PROBLEM TO WORK ON: Make an exact copy, from the records below, of the lines from the line containing "彩色天然氣、液化氣專(zhu" to the line containing "Isobe-san has been", both lines included, excluding pictures.

SUPPLIED RECORDS:
╭──

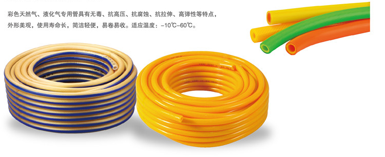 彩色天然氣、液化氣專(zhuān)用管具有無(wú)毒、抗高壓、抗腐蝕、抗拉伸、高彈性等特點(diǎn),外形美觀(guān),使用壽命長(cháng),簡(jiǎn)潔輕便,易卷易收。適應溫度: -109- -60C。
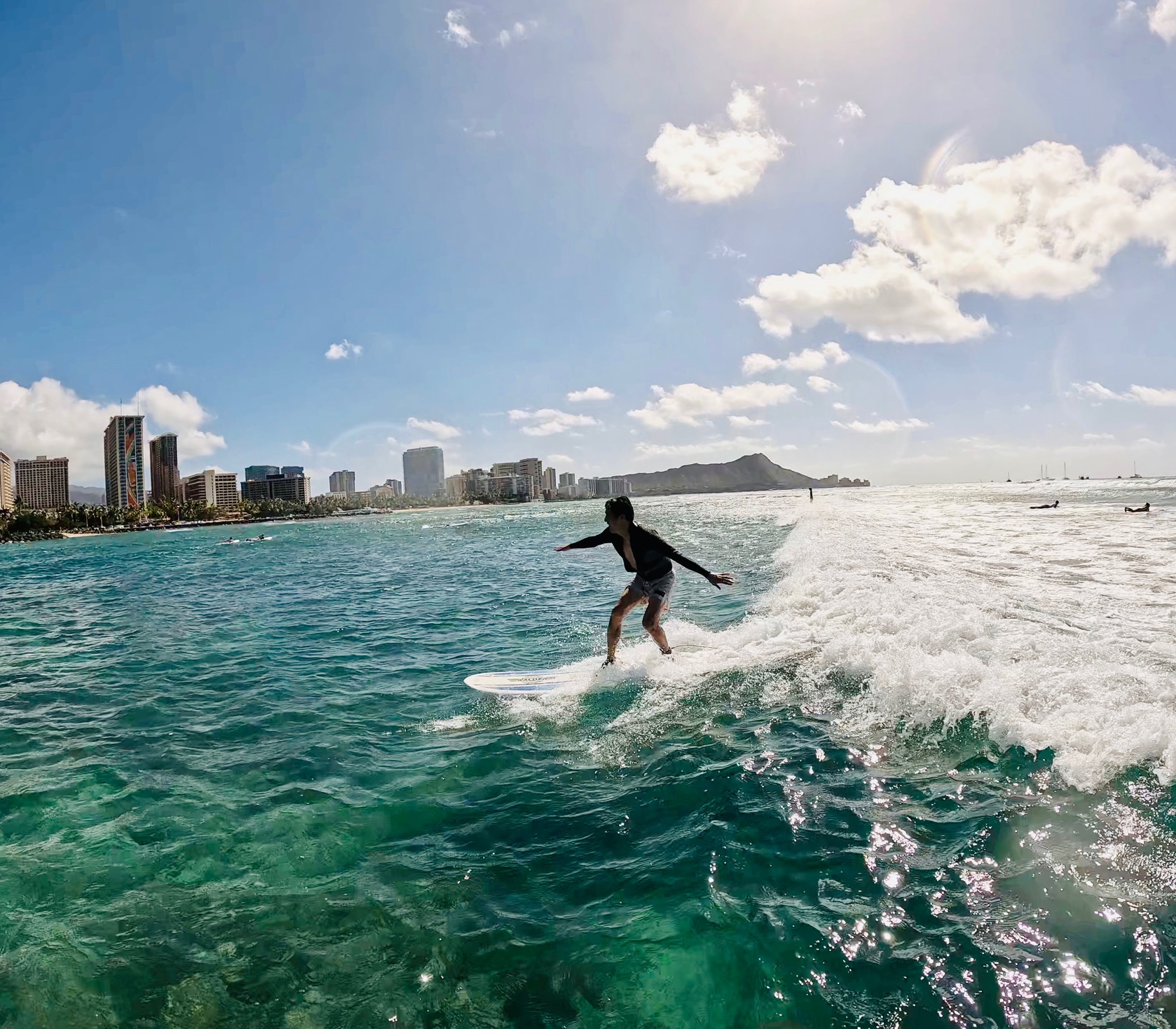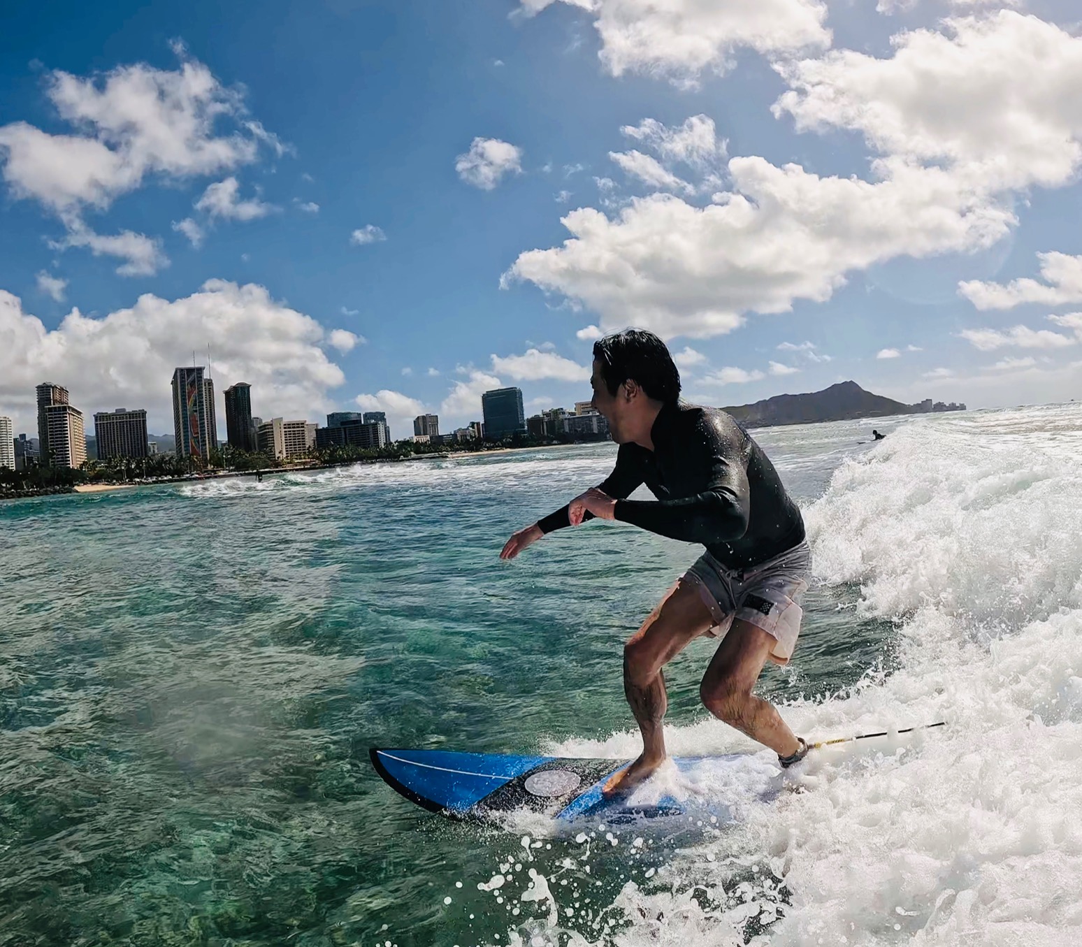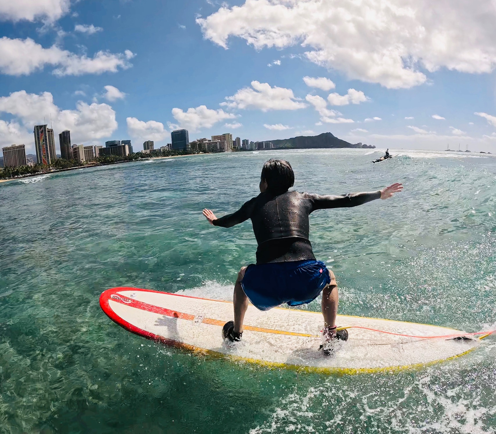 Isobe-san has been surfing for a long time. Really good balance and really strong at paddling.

╰──
╭──

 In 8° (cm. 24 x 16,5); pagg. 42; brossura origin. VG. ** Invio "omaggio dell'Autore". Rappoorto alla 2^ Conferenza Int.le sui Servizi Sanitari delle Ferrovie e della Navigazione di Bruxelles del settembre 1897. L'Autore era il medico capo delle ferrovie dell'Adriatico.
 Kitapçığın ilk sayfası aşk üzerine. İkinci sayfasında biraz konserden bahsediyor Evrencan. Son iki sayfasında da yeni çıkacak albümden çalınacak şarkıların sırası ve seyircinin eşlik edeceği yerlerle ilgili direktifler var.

╰──
╭──

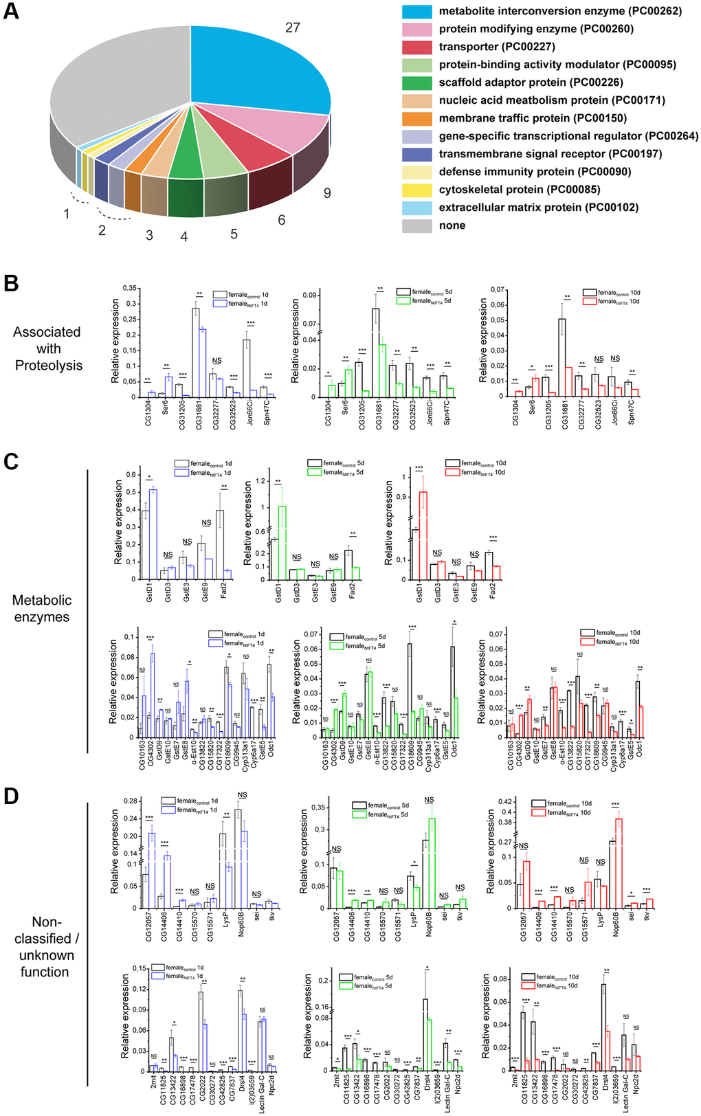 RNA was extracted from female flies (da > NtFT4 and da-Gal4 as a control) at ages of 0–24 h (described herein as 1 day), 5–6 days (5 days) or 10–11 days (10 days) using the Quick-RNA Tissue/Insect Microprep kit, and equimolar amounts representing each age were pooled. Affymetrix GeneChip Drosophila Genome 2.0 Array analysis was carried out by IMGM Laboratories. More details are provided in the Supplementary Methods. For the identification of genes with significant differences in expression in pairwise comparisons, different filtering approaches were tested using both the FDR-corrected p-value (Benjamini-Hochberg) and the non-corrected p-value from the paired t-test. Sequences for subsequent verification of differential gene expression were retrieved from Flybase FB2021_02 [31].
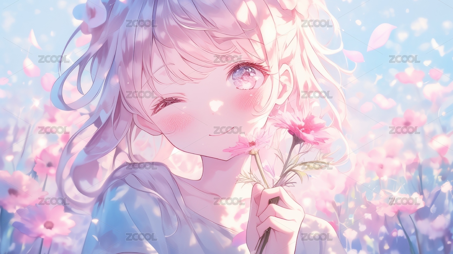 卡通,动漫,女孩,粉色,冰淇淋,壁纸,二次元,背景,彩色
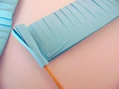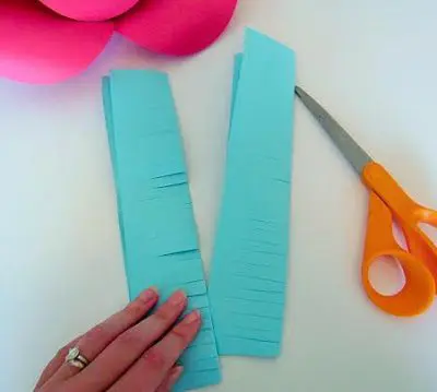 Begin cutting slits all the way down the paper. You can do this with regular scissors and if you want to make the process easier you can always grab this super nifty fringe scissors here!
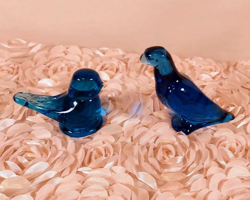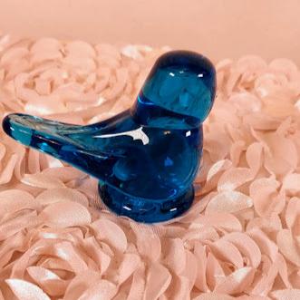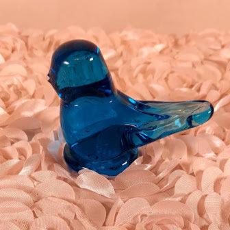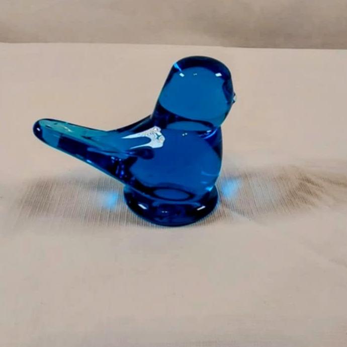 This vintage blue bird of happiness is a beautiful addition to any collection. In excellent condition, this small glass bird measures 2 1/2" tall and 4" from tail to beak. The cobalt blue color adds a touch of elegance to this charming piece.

╰──

TASK ANSWER:
 彩色天然氣、液化氣專(zhuān)用管具有無(wú)毒、抗高壓、抗腐蝕、抗拉伸、高彈性等特點(diǎn),外形美觀(guān),使用壽命長(cháng),簡(jiǎn)潔輕便,易卷易收。適應溫度: -109- -60C。
 Isobe-san has been surfing for a long time. Really good balance and really strong at paddling.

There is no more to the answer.